= Model–view–adapter =

Software architectural pattern

Model–view–adapter (MVA) or mediating-controller MVC is a software architectural pattern and multitier architecture. In complex computer applications that present large amounts of data to users, developers often wish to separate data (model) and user interface (view) concerns so that changes to the user interface will not affect data handling and that the data can be reorganized without changing the user interface. MVA and traditional MVC both attempt to solve this same problem, but with two different styles of solution. Traditional MVC arranges model (e.g., data structures and storage), view (e.g., user interface), and controller (e.g., business logic) in a triangle, with model, view, and controller as vertices, so that some information flows between the model and views outside of the controller's direct control. The model–view–adapter solves this rather differently from the model–view–controller by arranging model, adapter or mediating controller and view linearly without any connections whatsoever directly between model and view.

==Principles==
===View and model do not communicate directly===
The view is completely decoupled from the model such that view and the model can interact only via the mediating controller or adapter between the view and the model. Via this arrangement, only the adapter or mediating controller has knowledge of both the model and the view, because it is the responsibility of solely the adapter or mediating controller to adapt or mediate between the model and the view—hence the names adapter and mediator. The model and view are kept intentionally oblivious of each other. In traditional MVC, the model and view are made aware of each other, which might permit disadvantageous coupling of view (e.g., user interface) concerns into the model (e.g., database) and vice versa, when the architecture might have been better served by the schema of the database and the presentation of information in the user-interface being divorced entirely from each other and allowed to diverge from each other radically. For example, in a text editor, the model might best be a piece table (instead of, say, a gap buffer or a linked list of lines). But, the user interface should present the final resting state of the edits on the file, not some direct information-overload presentation of the piece-table's meticulous raw undo-redo deltas and incremental operations on that file since the current editing session began.

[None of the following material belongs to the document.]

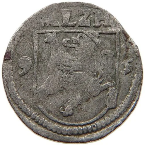 Hessian lion left in Spanish shield divides date, MLZH above.
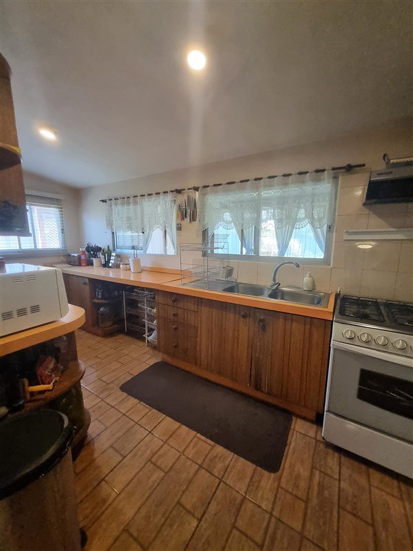 Cocina separda con campana y muebles de almacenaje. Comedor de diario.

===Model is intentionally oblivious of views===
This separation of concerns permits a wide variety of different views to indirectly access the same model either via exactly the same adapter or via the same class of adapters. For example, one underlying data-storage model and schema and technology could be accessed via different views—e.g., Qt GUI, Microsoft MFC GUI, GTK+ GUI, Microsoft .NET GUI, Java Swing GUI, Silverlight website, and AJAX website—where (unlike traditional MVC) the model is kept completely oblivious of what information flows toward these user interfaces. The adapter or class of adapters keeps the model completely oblivious that it is supporting multiple of the user interfaces and perhaps even supporting this variety concurrently. To the model, these multiple types of user interface would look like multiple instances of a generic user oblivious of type of technology.

===View is intentionally oblivious of models===
Likewise, any one user interface can be kept intentionally oblivious of a wide variety of different models that may underlie the mediating controller or adapter. For example, the same website can be kept oblivious of the fact that it can be served (A) by an SQL database server such as PostgreSQL, Sybase SQL Server, or Microsoft SQL Server that has business logic built into the database server via stored procedures and that has transactions that the server may roll back or (B) by an SQL database server such as MySQL that lacks one or more of these capabilities, or (C) by a nonSQL RDF database, because the website interacts only with the mediating controller or adapter and never directly with the model.

===Multiple adapters between the same model–view pair===
Additionally, multiple adapters may be created to change the way one view presents data for a given model. For example, different adapters may impose different primitive data sets, that in turn impose different business logic for the same underlying database and for the same outwardly presented website. In this scenario, a class of various adapters or mediating controllers can represent the variations in business logic in between the same database model and the same website view.